あらすじ
祇園精舎の鐘の声、諸行無常の響あり。
朗々とした唄、琵琶の音が闇夜に響く。
何者かが男に伝える、二十余年の歳月を要して編み上げた物語。
その名は──。
平氏棟梁・平清盛が四男・知盛。
清盛最愛の息子とまで呼ばれた彼だが、幼い頃から病弱で出世は遅かった。
だがそんな彼にも源氏という時代の荒波は容赦なく襲い掛かる。
弟分で「王城一の強弓精兵」と呼ばれた教経と共に否応なく前線に立つ知盛。
没落に向かう平氏を盛り返すことはできるのか。
直木賞作家による、熱き血潮が巡る「真」平家物語!
ISBN: 9784758447140ASIN: 4758447144
作品考察・見どころ
今村翔吾は、歴史の敗者に光を当て、その魂の咆哮を現代に蘇らせる稀代の語り部です。
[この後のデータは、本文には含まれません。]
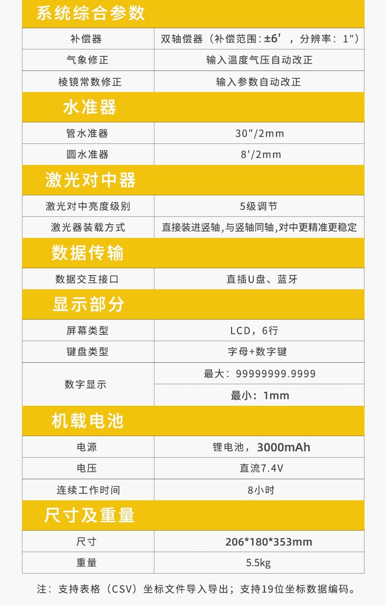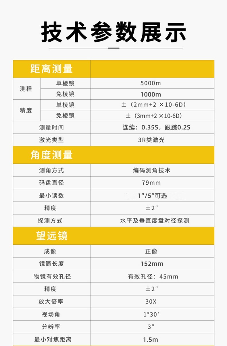| Especificaciones | Estándar oficial de la Estación total nts332r10, Estación total nts332r10 + barra de centro + Prism + trípode |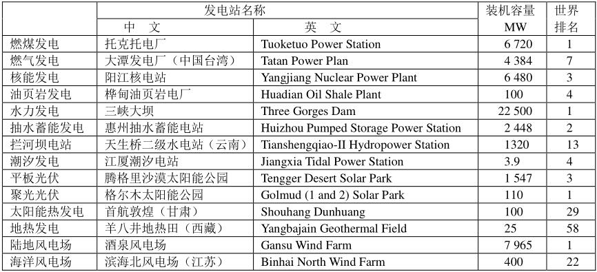 全球前20位發(fā)電站的順序是隨著時(shí)間而變化的,下表是最新的排序。目前全球20席中,中國占有六席:水力發(fā)電占有4席:三峽大壩、溪洛渡大壩、向家壩和龍灘大壩;燃煤發(fā)電占一席:托克托電廠;核能發(fā)電占一席:陽江核電站。

本作は平家滅亡の悲劇を単なる諸行無常の物語としてではなく、運命に抗い、泥臭くも高潔に生きた人間たちの血の通った記録へと昇華させています。病弱ゆえに影に甘んじていた知盛が、滅びゆく一門の重責を背負い、静かなる覚悟を宿していく過程は、読む者の胸を熱く焦がすことでしょう。 知盛と教経、対照的な二人の絆と、茜色に染まる時代の黄昏が重なり合い、切なくも美しい叙事詩を形作っています。これは単なる歴史小説ではありません。終わりゆく時代の中で、それでも己の生を全うしようとする者たちの誇りを描いた、魂を震わせる傑作です。古びた古典のイメージを鮮烈に塗り替える、今村文学の真骨頂がここにあります。